Iceberg
- Species: Orcinus orca
- Sex: Male
- Years active: 2010 - present
- Known for: All-white adult male orca
- Residence: North Pacific

= Iceberg (orca) =

Orca, one of the first all-white male orca discovered in the wild

Iceberg (designated CO539) is the name of an all-white, mature male orca (killer whale) that was filmed and photographed in 2010 off the north-east coast of Russia. He is one of the first adult all-white orca bulls discovered in the wild.

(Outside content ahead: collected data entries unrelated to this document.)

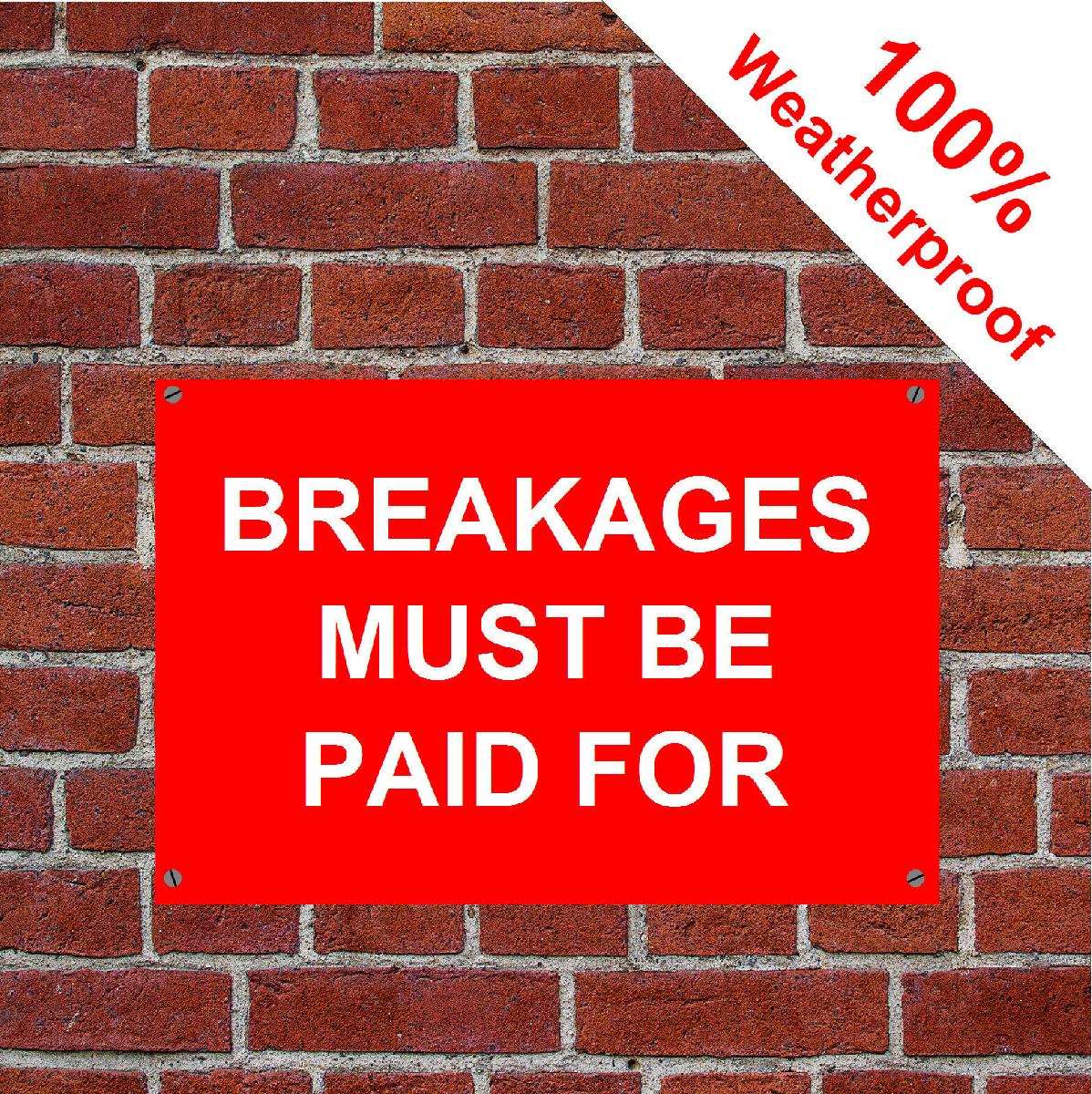 BREAKAGES MUST BE PAID FOR SIGN OR VINYL STICKER 5174WR DURABLE AND WEATHERPROOF [ENDED]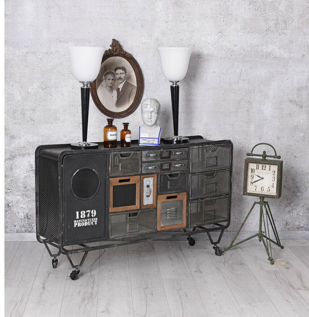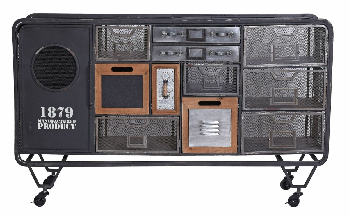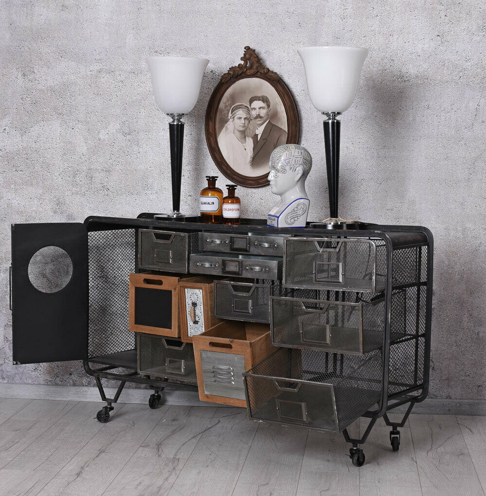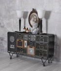 Szeroka, industrialna komoda na kółkach, wykonana z metalu z dbałością o każdy szczegół.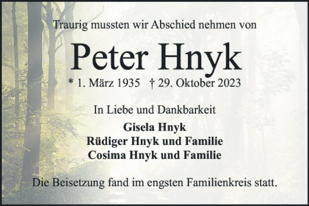 Hier finden Sie alle Traueranzeigen aus der Zeitung, die bisher für Peter Hnyk erschienen sind. Weitere Traueranzeigen, die in der Zeitung erscheinen, werden hier ebenfalls aufgelistet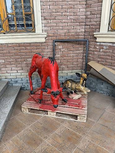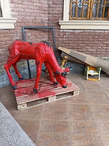 Qırmızı geyik heykəli – açıq məkan dekoru - Material: kompozit/şüşəplastik əsaslı heykəl (rənglənmiş), metal dayaqlar ilə paletə bərkidilib - Rəng: parlaq qırmızı, tünd detallarla vurğulanmış - Tə...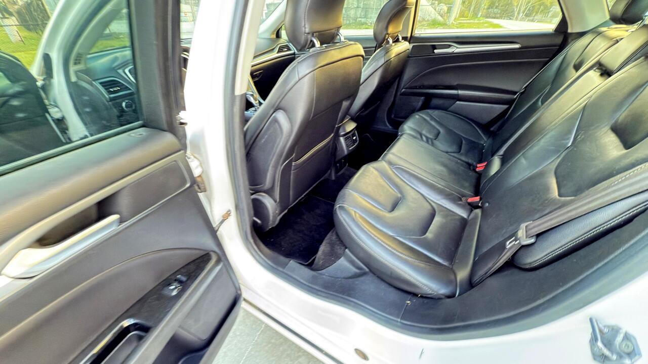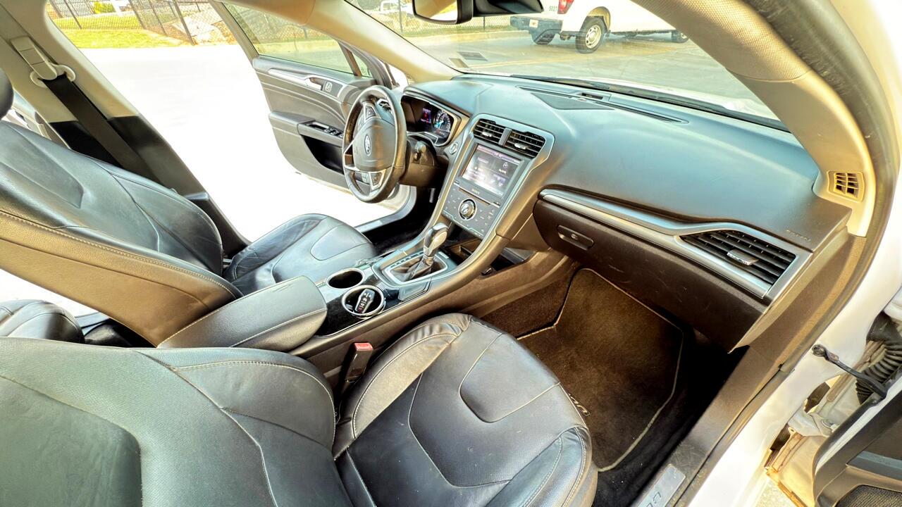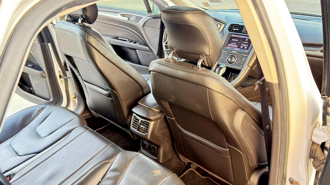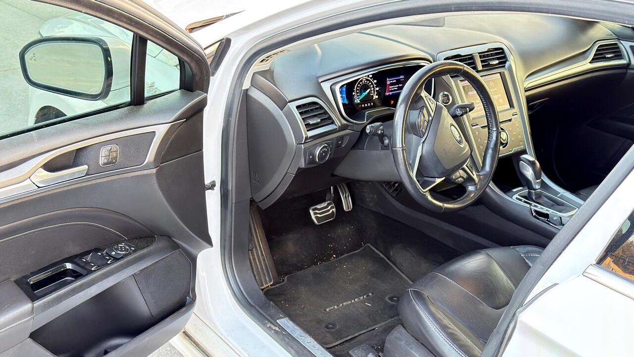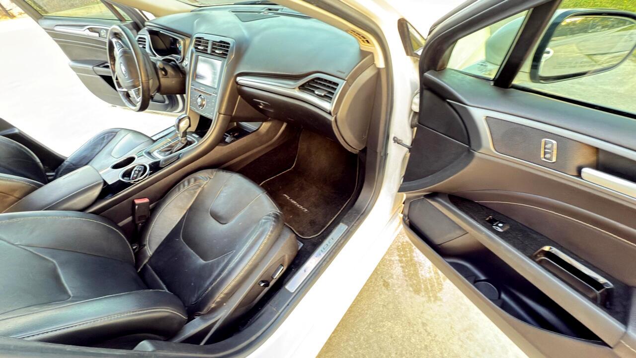 Get ready to hit the road in style with this sleek and sporty 2013 Ford Fusion! This white beauty is not just a car, it's a full-on experience. With the safety features like child safety door locks and multiple airbags, you can drive with peace of mind knowing your precious cargo is protected. The power door locks and vehicle anti-theft system offer added security, while the electronic brake assistance and ABS brakes ensure a smooth and safe ride every time.Step inside and you'll be greeted by a world of comfort and convenience. The leather seats and separate driver/front passenger climate controls make every journey a luxurious one. Set your ideal temperature, adjust the front power lumbar support seats, and hit the road in ultimate comfort. The driver multi-adjustable power seat and passenger multi-adjustable power seat options allow you to find your perfect position for those long drives. Don't worry about getting lost on your adventures - the navigation system and trip computer have got you covered. You'll always be in control with the steering wheel-mounted controls and tilt/telescopic steering column. And with keyless entry and remote ignition, you can start your engine with the push of a button.Let's not forget about the entertainment factor. The CD player and sound system will keep you grooving on the go. Automatic headlights and fog lights illuminate your path, while the rear spoiler and alloy wheels give this Ford Fusion an extra touch of style. One of the best features of this car is that a Carfax report is available, giving you peace of mind about its history and ensuring a worry-free purchase. So why wait? Come take this beauty for a test drive today and experience the thrill of driving a 2013 Ford Fusion for yourself!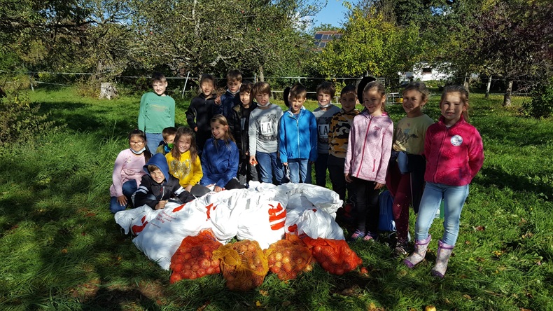 Das Sammeln hat sich gelohnt: 280 Liter konnte gewonnen werden! Der Apfelsaft wird nun im Laufe das Schuljahres zum Mittagessen in der Mensa serviert.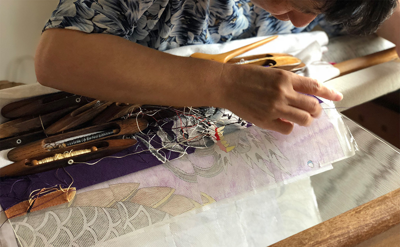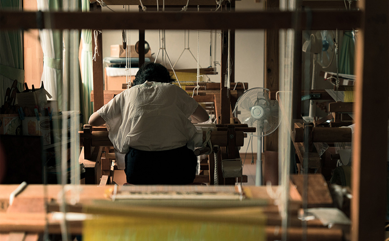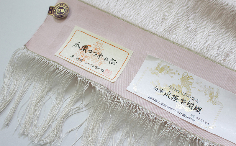 こちらの帯は熟練の織師が一点ずつ丁寧に織り上げた逸品です。古くなったものは裏返してもお使いいただけるので、親子三代に渡り、末永くご愛用頂けます。

Researchers attached to the Far East Russia Orca Project (FEROP), co-founded and co-directed by Alexander M. Burdin and Erich Hoyt, first spotted the orca when his six-foot (two-metre) dorsal fin broke the surface near the Commander Islands in the Bering Sea in August 2010. He was living in a pod with 12 other orcas, and given the size of his dorsal fin was thought to be at least 16 years old. Scientists from FEROP speculated that he may have been the albino whale spotted off the coast of Alaska in 2000 and 2008. He was still alive as of 2016, when he was again spotted by FEROP with his pod.

It is unconfirmed whether Iceberg's pigmentation is albinism or leucism. FEROP is hoping in future expeditions to find out. The white coloration, more common in the Russian north Pacific than among Antarctic whales, may be a sign of dangerous inbreeding.